Papá me suelta la mano:

– Mató a Vilma, Sara.

Está contando las víctimas con los dedos, uno por uno, tranquilo y sereno.

– Mató a tu hija. Casi te mata a ti.

Miro a mi padre, esperando. Papá continúa:

– Ahora está escondido para no enfrentarse a la justicia por lo que ha hecho. No debes volver a hablar con él. Es un cobarde. Tienes que seguir y ser fuerte, por los chicos. Él te hubiera matado si Vilma no le hubiera detenido. Eso lo sabes, ¿no?

– ¿Por qué las cosas son así, papá? No quiero que pase esto. Quiero que todo sea como antes.

– Ay, mi'jita -dice derrumbándose en la silla que hay junto a la cama-. ¿Qué voy a hacer contigo?

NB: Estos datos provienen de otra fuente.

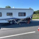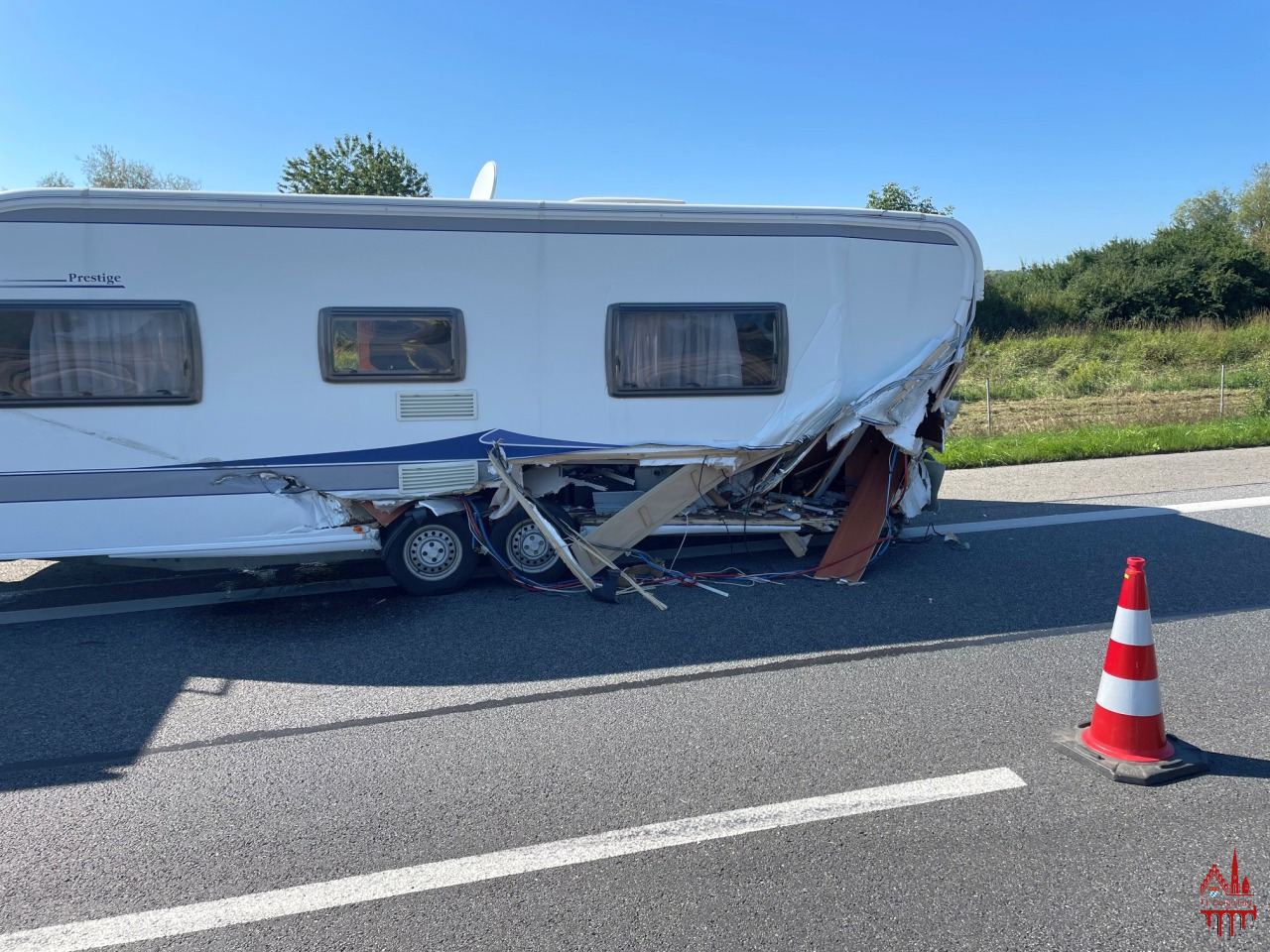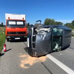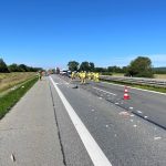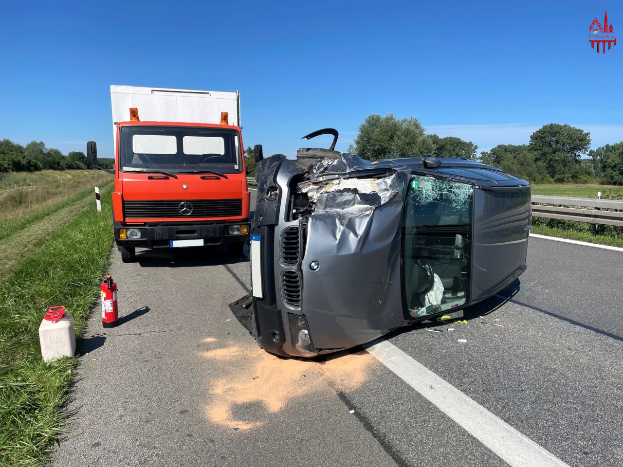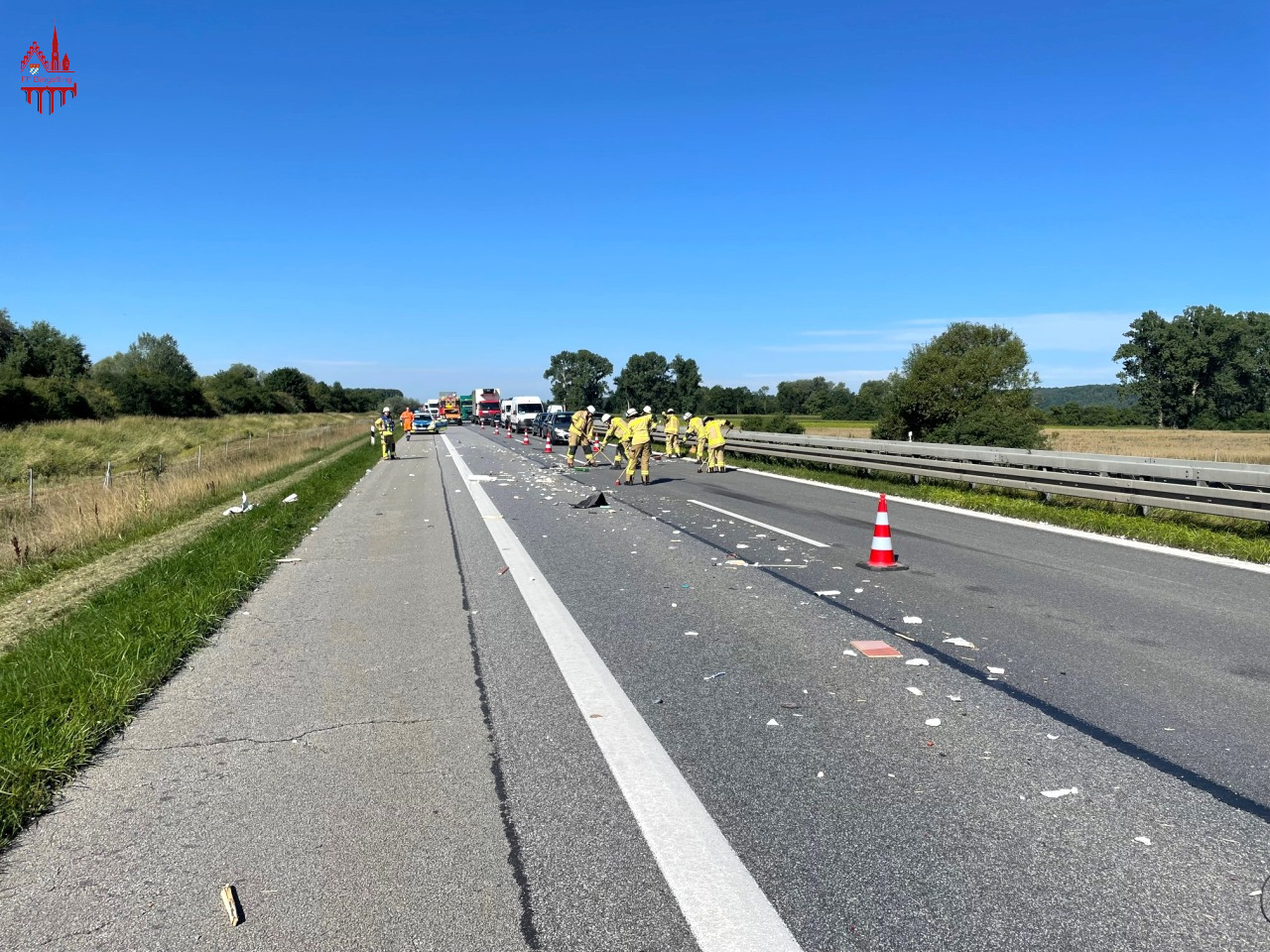 Unser Rüstzug wurde zu einem Verkehrsunfall mit PKW-Überschlag auf die A92 zwischen den Anschlussstellen Dingolfing-Ost und Pilsting/Großköllnbach in Fahrtrichtung Deggendorf alarmiert, wobei laut Alarmmeldung zunächst unklar war, ob sich noch Personen im Fahrzeug befinden. An der Einsatzstelle bestätigte sich ein Verkehrsunfall zwischen einem PKW und einem Wohnanhänger mit einem Trümmerfeld über beide Fahrspuren auf einer Länge von ca. 200 Meter. Der verunfallte PKW befand sich vor einem Gespann aus LKW mit Wohnanhänger auf der rechten Fahrspur in Seitenlage auf der Fahrerseite, der PKW-Lenker war bereits aus dem Fahrzeug befreit und wurde vom Rettungsdienst versorgt. Weitere eingeklemmte oder verletzte Personen bestätigten sich nicht. Die Einsatzkräfte errichteten mit dem VSA eine Vollsperre der Autobahn, der MTW übernahm die Vorwarnung. Die Besatzungen des HLF’s und RW’s stellten den Brandschutz sicher, banden auslaufende Betriebsstoffe und führten das Batteriemanagement durch. Im beschädigten Wohnanhänger wurde eine Gasflasche geborgen und auf Beschädigung kontrolliert, um eine weitere Gefahr durch diese auszuschließen. Nach der Unfallaufnahme durch die Polizei und Abtransport des verletzten Fahrers durch den Rettungsdienst wurde bis zum Eintreffen der Kräfte der Autobahnmeisterei die Überholspur von Trümmerteilen gereinigt. Anschließend übernahm diese die weitere Absicherung und Reinigung der Einsatzstelle mittels Kehrmaschine, bis die Fahrzeuge durch ein Abschleppunternehmen geborgen waren.
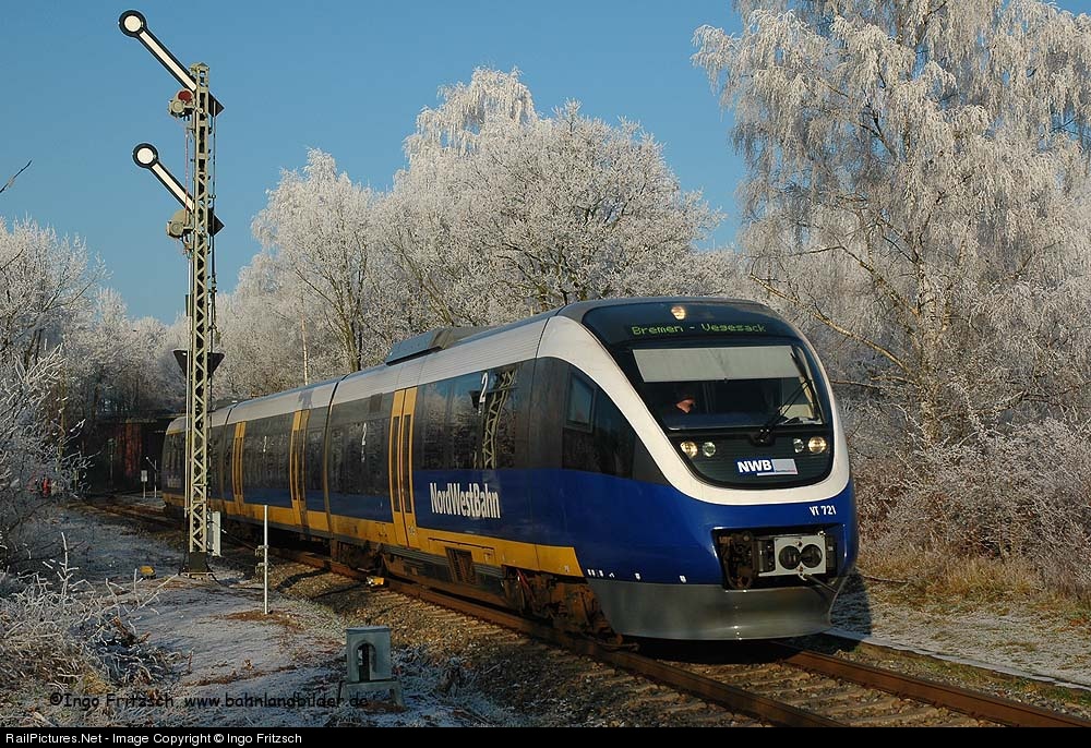 | Nordwestbahn VT 721 passes a very rare formsignal on the for passengertrains reopened Farge-Vegesacker-Eisenbahn in a winter scene. |
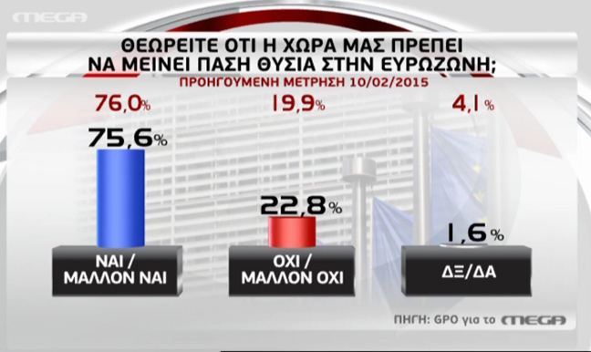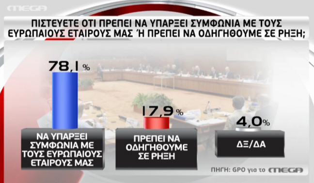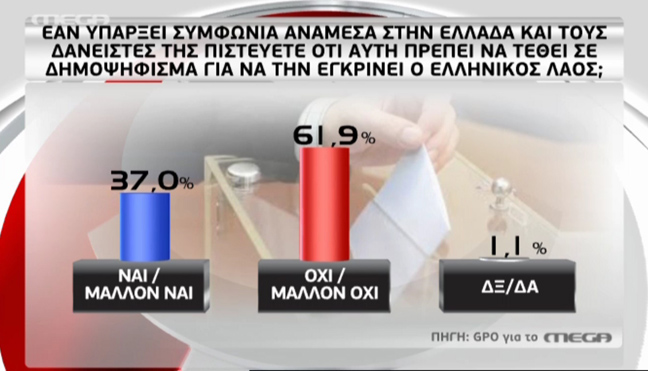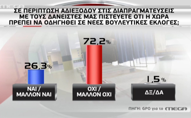 Την άποψη των πολιτών σχετικά με το ενδεχόμενο δημοψηφίσματος, πρόωρων εκλογών, Grexit αλλά και την εξέλιξη των διαπραγματεύσεων, καταγράφει νέα δημοσκόπηση της GPO για λογαριασμό του Mega.
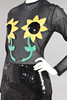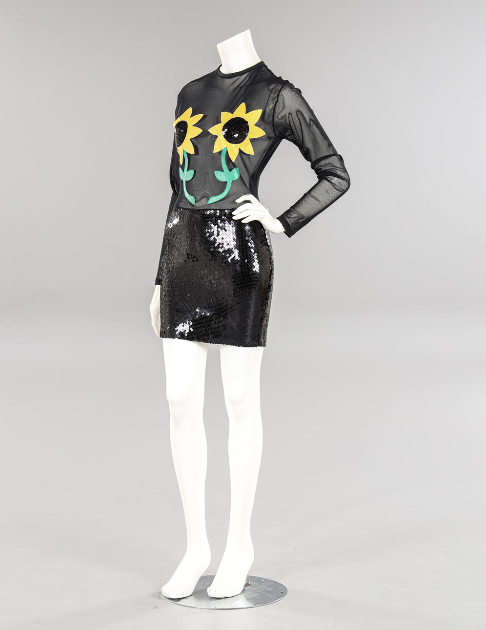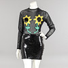 Dress with upper part in black mesh with leather applications and sequins in the shape of sunflowers. Skirt in sequins. Size M. Length approx. 83 cm. Bust width approx. 90 cm. Sleeve length approx. 60 cm.
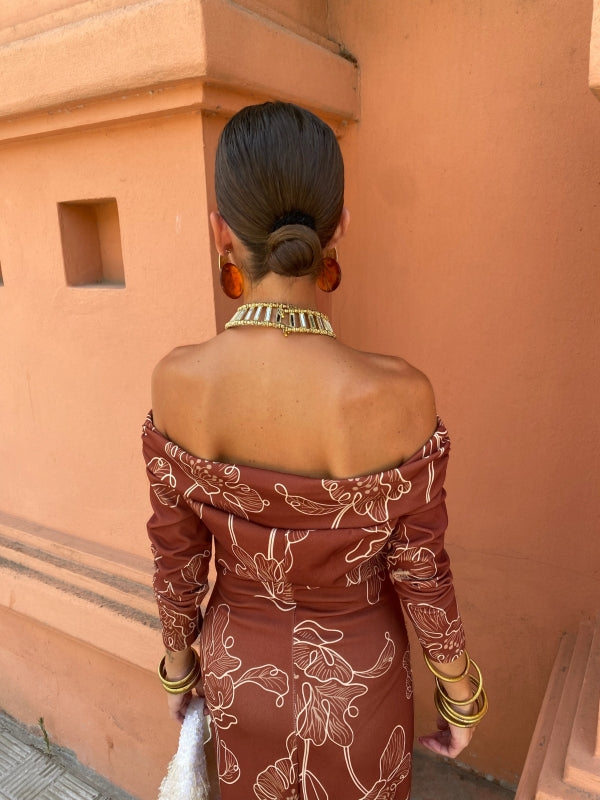 This long guest dress in a vibrant brown tone is the perfect choice for those seeking a captivating and flowing look. The design of the dress focuses on its off-the-shoulder neckline, which ties delicately at the center of the neckline and leaves the back exposed. The front features a deep V-neckline that is accentuated by gathering or draping that defines the waist.
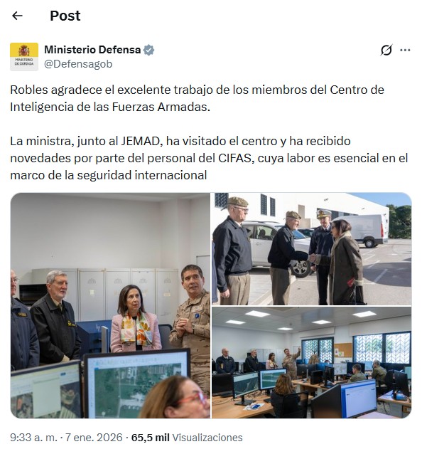 La ministra de Defensa, Margarita Robles, visitó el pasado miércoles el cuartel general del Centro de Inteligencia de las Fuerzas Armadas (CIFAS), el servicio de espionaje militar español. Allí, acompañada del Jefe del Estado Mayor de la Defensa, pudo conocer de primera mano el trabajo de los especialistas en esta materia. Su departamento publicó posteriormente unas imágenes de su visita en las que puede verse la información que estaba consultando el personal en sus ordenadores. En uno de ellos aparece un mapa de Fuerte Tiuna, el complejo militar del Ejército chavista en el que Estados Unidos capturó el pasado sábado a Nicolás Maduro. Es también donde reside -o residía hasta ahora- Delcy Rodríguez, actual presidenta venezolana, en una instalación con búnker denominada La Viñeta.
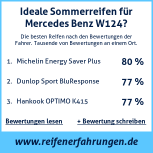 Tests, Bewertungen und Meinungen zu Sommer Reifen für Mercedes Benz W124. Die von unseren Nutzern am häufigsten verwendeten Reifengrößen für dieses Fahrzeug sind 195 65 R15, 225 45 R17, 205 60 R15. Mit dieser Übersicht an Bewertungen zu Sommer Reifen für Mercedes Benz W124 von anderen Autofahrern, versuchen wir Ihnen möglichst objektive Informationen zur Verfügung zu stellen, damit Sie Sommer Reifen wählen können. Je mehr Bewertungen, desto genauer und glaubwürdiger ist die Meinung. Wir legen großen Wert darauf, die Bewertungen so objektiv wie möglich zu gestalten.
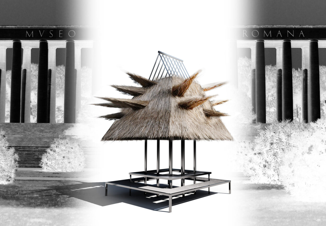 ДАХ II розташована просто неба між фасадом музею Museo della Civiltà та обеліском Марконі — бетонно-мармуровим монолітом 1940–1960-х років, який імітує давньоєгипетський техену. Інсталяція створена зі сталі й соломи. Метал символізує ракети й уламки, що падають з неба, металеві листи, які використовують для тимчасового відновлення житла, а також безпілотники, які захищають українське небо, створюючи ще один дах над дахами — купол із дронів. Солома, укладена у клиноподібні форми, надає об’єкту оборонної пози. Не за вибором, а через необхідність.
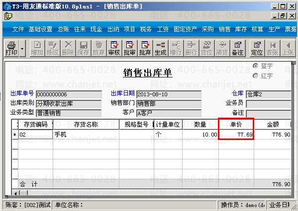 注:在移动平均法下,正常单据记账之后销售出库单的单价会反填,查看销售出库单:
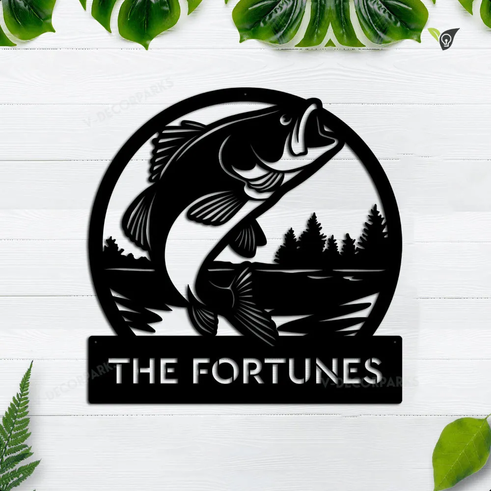 Personalized Fish Metal Name Sign, Bass Fishing Metal Monogram, Fishing Gifts For Men, Metal Fish Sign, Custom Fishing Metal Sign, Fisherman Gift
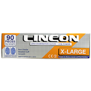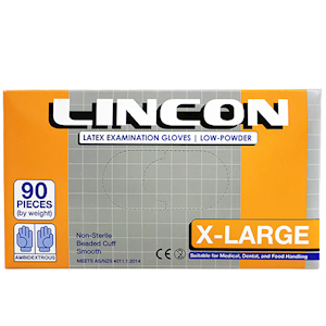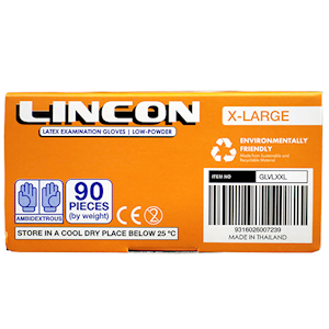 Lincon Extra Large Latex Examination Gloves are crafted from natural biodegradable latex for enhanced environmental sustainability without compromising quality. These low-powder gloves offer excellent tactile sensitivity and dexterity, making them ideal for food handling, healthcare, and laboratory settings. Featuring a beaded cuff for easy donning and a cream-colored finish, they are designed to reduce skin irritation with <60?g/g of water-extractable proteins. HACCP-certified and compliant with AS/NZS 4011:1997 standards, each box contains 90 gloves tailored for superior comfort and grip.

Es demasiado. Lo he perdido todo. A Vilma, a mi hija, a mi marido, casi la vida. Quiero ver a Liz. Necesito hablar con ella. ¿Dónde está? ¿Por qué no ha venido todavía? ¿Se ha marchado también?

– Quiero ver a Elizabeth -le digo a mi padre.

– Ha venido temprano, mientras estabas durmiendo.

– Por favor, llámala. Hazla venir de nuevo.

– Está bien. Ya voy. Ahora, tranquila. Cierra los ojos, mi vida, trata de descansar.


Cuando vuelvo a despertarme, está allí, Elizabeth, radiante en una sudadera turquesa y vaqueros oscuros. Siempre he envidiado eso de ella, su facilidad con la ropa, no le cuesta trabajo estar guapa.

La desagradable asistente social, Allison, está aquí también, y parece que han estado hablando entre ellas. Por la sonrisa hipócrita de Liz, puedo ver que Allison le parece tan molesta como a mí. Quiero reírme a carcajadas, pero me contengo. Debe de ser una buena señal.

Me encuentro lo suficientemente bien para sentarme. Elizabeth se disculpa por haber ido a mi casa, y dice que tenía que verme, para pedirme perdón.

– Todo ha sido culpa mía -dice-. Nunca debería haber ido a verte. Lo siento.

Allison la interrumpe.

– Liz estaba contándome lo que pasó. No es culpa suya. Ni tuya. Nadie es culpable de esto salvo el hombre que te pegó. Quiero que ambas lo comprendáis.